_Directions:_ Can you transcribe the data exactly? Leave the pictures out.

_Data provided:_

::::::::

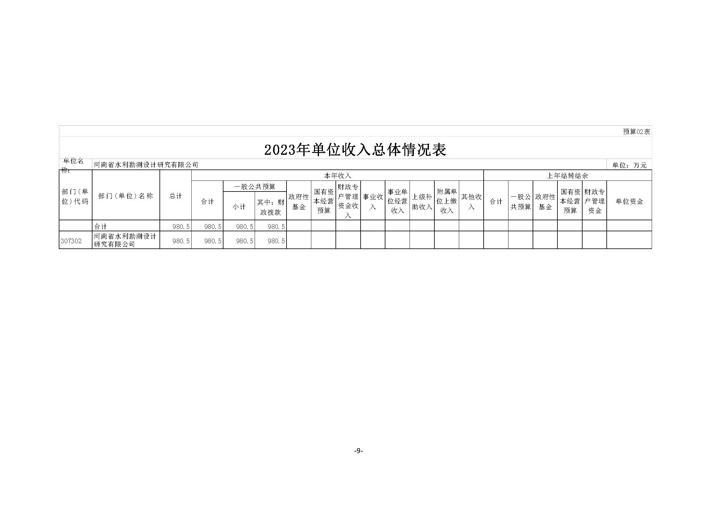 河南省水利勘測(cè)設(shè)計(jì)研究有限公司2023預(yù)算公開
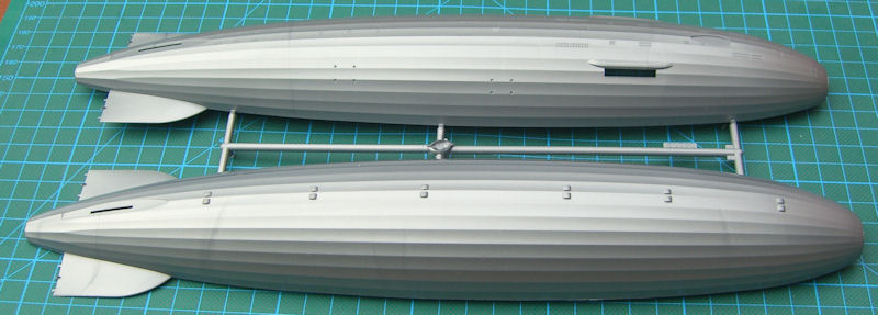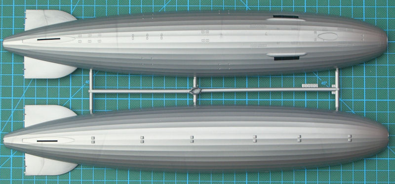 Bausatz: Dieser Luftschiffbausatz von Revell ist eine Wiederauflage eines Kits aus den 90er Jahren. Es gab auch noch das Schwesterschiff LZ 130. Die Bausatzform wurde in Korea erstellt und scheint sich auch noch dort zu befinden. Leider gibt es diesen Bausatz nur in Revells ehemaligen Schiffsmodellmaßstab 1/720. Eine Idee wäre doch mal ein Bausatz in 1/350...
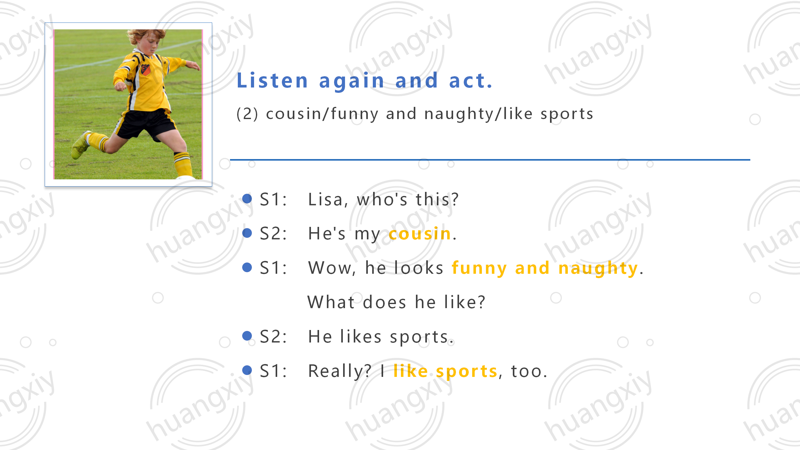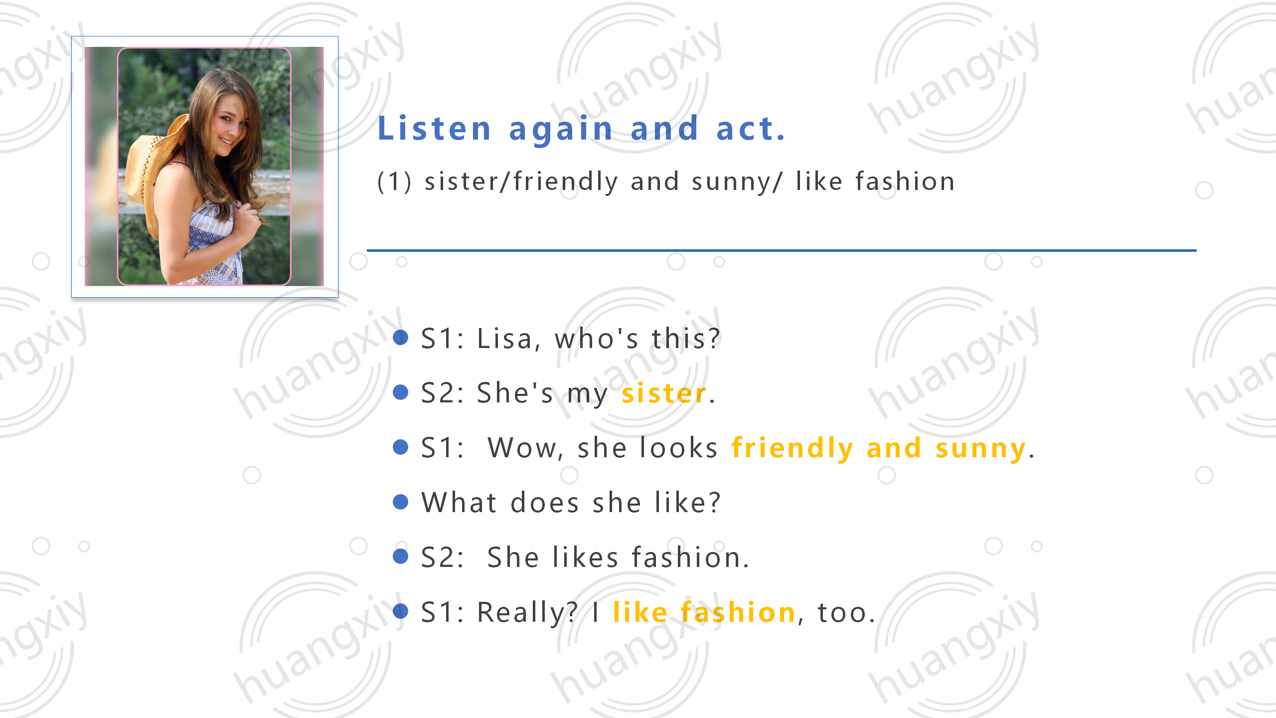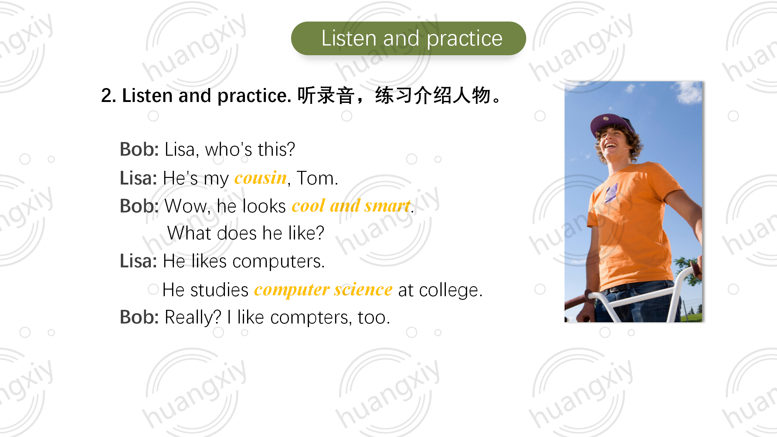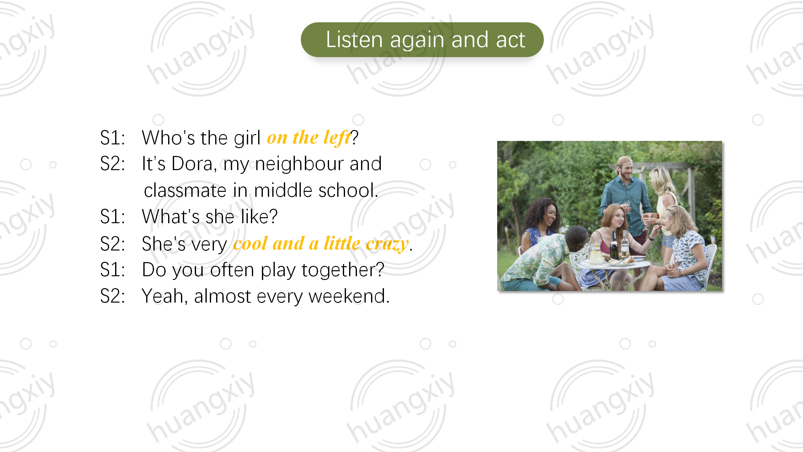 5. Listen again and act. 再听录音,根据提示讨论照片中的其他人。

::::::::

_Exercise solution:_
 河南省水利勘測(cè)設(shè)計(jì)研究有限公司2023預(yù)算公開
 Bausatz: Dieser Luftschiffbausatz von Revell ist eine Wiederauflage eines Kits aus den 90er Jahren. Es gab auch noch das Schwesterschiff LZ 130. Die Bausatzform wurde in Korea erstellt und scheint sich auch noch dort zu befinden. Leider gibt es diesen Bausatz nur in Revells ehemaligen Schiffsmodellmaßstab 1/720. Eine Idee wäre doch mal ein Bausatz in 1/350...
 5. Listen again and act. 再听录音,根据提示讨论照片中的其他人。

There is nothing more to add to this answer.